» **Activity**
Extract the lines of the material below, beginning with the first and ending with the line that holds "Инаба/INABA ЧАО ЧУРУ". Skip every picture.

▬▬▬▬▬▬▬▬▬▬

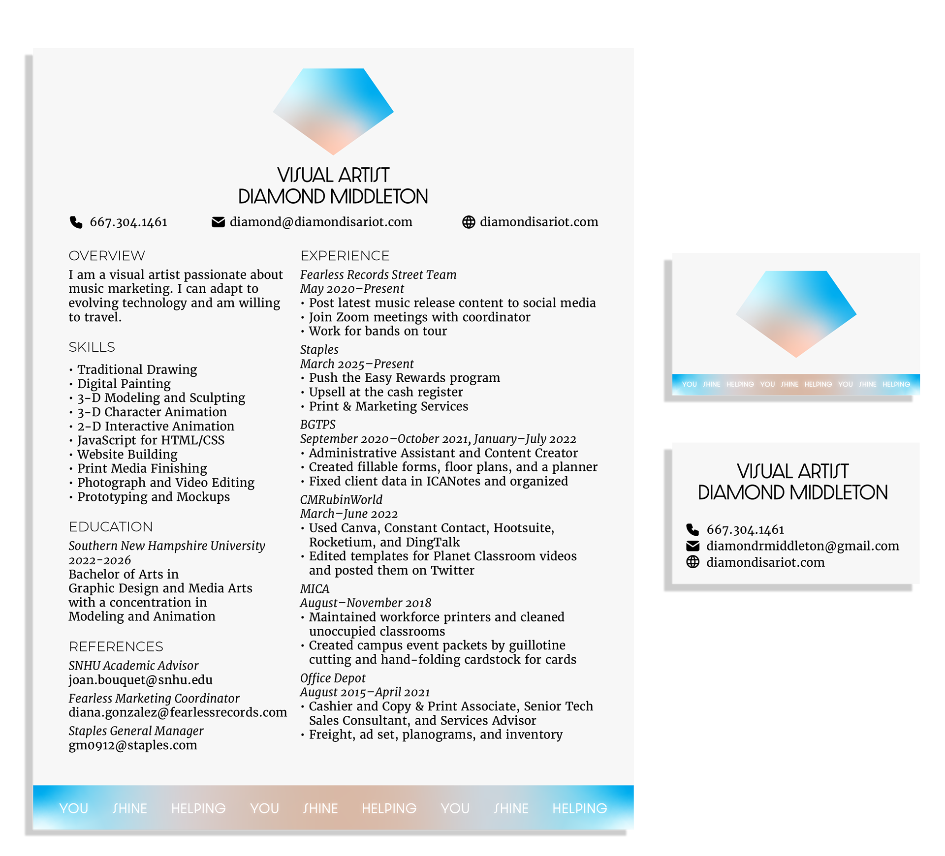 Self-Promo Stationery highlights consistency of the design elements and principles I try to use the most: color, proximity, and unity. These mockups have images of real items with drop shadows. On Adobe Stock, I found the letterhead with business card and envelope Photoshop templates by Petr. Next, I found a pinback button one by SdecoretMockup to mimic a giveaway piece. Lastly, I changed the levels, brightness, and image placement modes to make them seem more life-like. For the typsetting, the body copy is in Merriweather. Filled SVG icons of the phone, mail, and globe are from Tabler Icons. Then, I found Dazzle Unicase for my role, name, and tagline at the bottom of my letterhead, adding inner and outer glow layer styles.
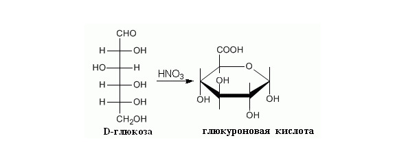 Более жесткое окисление до альдуроновых кислот, реакция происходит при участии «средних» окислителей, например небольшие концентрации азотной кислоты (Рисунок 12). Данная реакция происходит и в природе, но при других условиях. В результате окисляется гидроксильная группа при последнем атоме углерода.
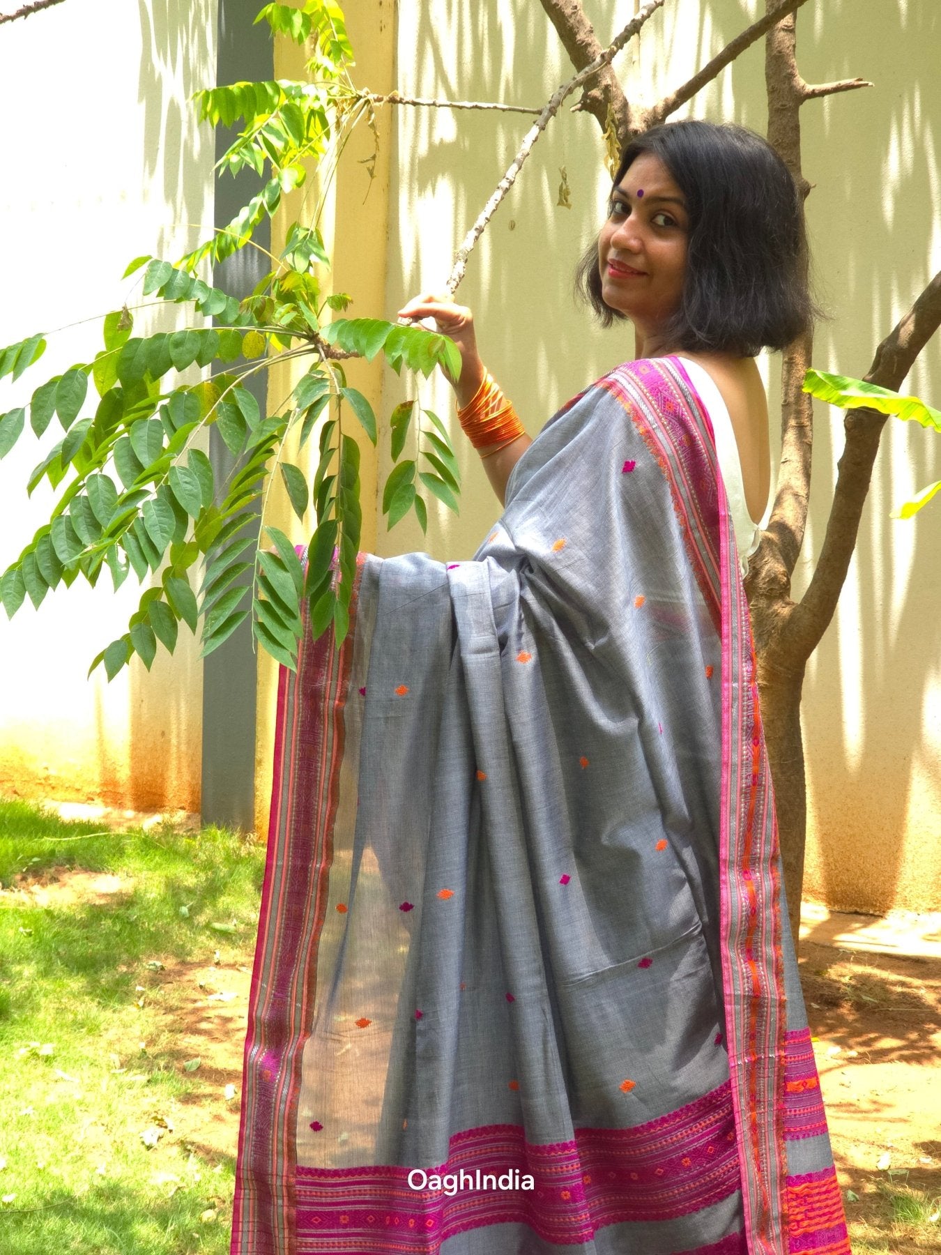 Rooted in simplicity, elevated by detail — Paansh is a celebration of understated elegance. Woven in soft grey cotton, this saree is dotted with playful magenta and orange butis across the body, lending it a vibrant touch without overwhelming the senses. The borders are finely lined with pink and magenta threads, leading to a rich and intricate pallu that bursts into bold fuchsia and silver accents — a delightful surprise that adds depth and drama.
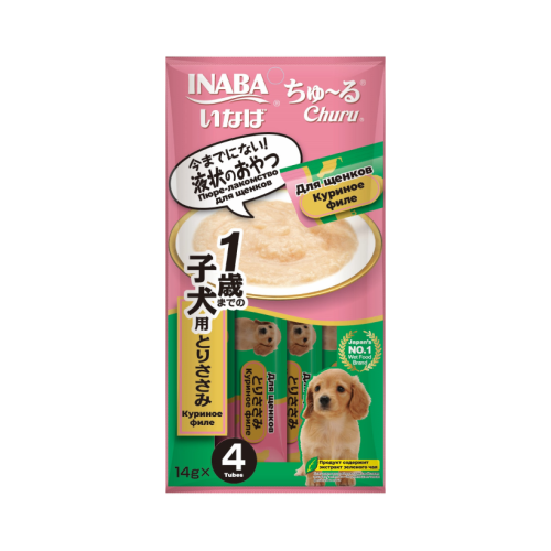 Инаба/INABA ЧАО ЧУРУ лакомство для щенков пюре филе курицы 14гр*4
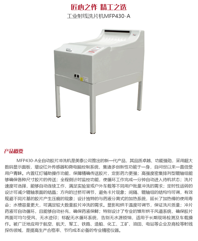 產(chǎn)品概述MFP430-A全自動(dòng)膠片沖洗機(jī)是美泰公司推出的新一代產(chǎn)品,其品質(zhì)卓越、功能強(qiáng)勁,采用超大數(shù)碼顯示面板,增設(shè)紅外傳感器和微電腦控制系統(tǒng),集諸多創(chuàng)新性功能于一身,自問(wèn)世以來(lái)一直倍受用戶青睞。內(nèi)置紅燈輔助操作功能,保障精確傳送膠片,定影藥力更強(qiáng);高強(qiáng)度密集排列型輥軸組能夠確保各種尺寸膠片的傳送;全程倒計(jì)時(shí)監(jiān)控功能,使循環(huán)工作完成一分鐘自動(dòng)進(jìn)入待機(jī)狀態(tài);洗片速度可選擇,能夠自動(dòng)連續(xù)工作,滿足實(shí)驗(yàn)室或戶外車載等不同用戶批量沖洗的需求;定時(shí)性運(yùn)轉(zhuǎn)的設(shè)計(jì)可減少輥軸表面的結(jié)晶;方向的過(guò)橋可調(diào)節(jié),避免卡片現(xiàn)象;間隔、輥軸組的結(jié)構(gòu)均可調(diào),有效規(guī)避不同片基的膠片產(chǎn)生壓痕的現(xiàn)象;設(shè)計(jì)獨(dú)特的與藥液分離式的加熱系統(tǒng),延長(zhǎng)了加熱棒的使用壽命;水槽容量更大,可滿足較大數(shù)量膠片沖洗的需求。顯影和烘干溫度可調(diào)節(jié),保證洗片質(zhì)量;沖片藥液可自動(dòng)循環(huán),且能夠自動(dòng)補(bǔ)充,確保藥液保鮮;特別設(shè)計(jì)了專業(yè)的雛形烘干風(fēng)道系統(tǒng),確保膠片兩面可均勻受風(fēng),無(wú)水跡??;標(biāo)配無(wú)水循環(huán)系統(tǒng),告別無(wú)水源煩惱,適用于長(zhǎng)期現(xiàn)場(chǎng)檢測(cè)及車載操作。被廣泛地應(yīng)用于航空、航天、軍工、鐵路、造船、化工、工礦、油田、電站等企業(yè)及商檢等射線探傷領(lǐng)域,是提高生產(chǎn)合格率、節(jié)約成本必備的專業(yè)精密儀器。

▬▬▬▬▬▬▬▬▬▬

» **Result below**
 Self-Promo Stationery highlights consistency of the design elements and principles I try to use the most: color, proximity, and unity. These mockups have images of real items with drop shadows. On Adobe Stock, I found the letterhead with business card and envelope Photoshop templates by Petr. Next, I found a pinback button one by SdecoretMockup to mimic a giveaway piece. Lastly, I changed the levels, brightness, and image placement modes to make them seem more life-like. For the typsetting, the body copy is in Merriweather. Filled SVG icons of the phone, mail, and globe are from Tabler Icons. Then, I found Dazzle Unicase for my role, name, and tagline at the bottom of my letterhead, adding inner and outer glow layer styles.
 Более жесткое окисление до альдуроновых кислот, реакция происходит при участии «средних» окислителей, например небольшие концентрации азотной кислоты (Рисунок 12). Данная реакция происходит и в природе, но при других условиях. В результате окисляется гидроксильная группа при последнем атоме углерода.
 Rooted in simplicity, elevated by detail — Paansh is a celebration of understated elegance. Woven in soft grey cotton, this saree is dotted with playful magenta and orange butis across the body, lending it a vibrant touch without overwhelming the senses. The borders are finely lined with pink and magenta threads, leading to a rich and intricate pallu that bursts into bold fuchsia and silver accents — a delightful surprise that adds depth and drama.
 Инаба/INABA ЧАО ЧУРУ лакомство для щенков пюре филе курицы 14гр*4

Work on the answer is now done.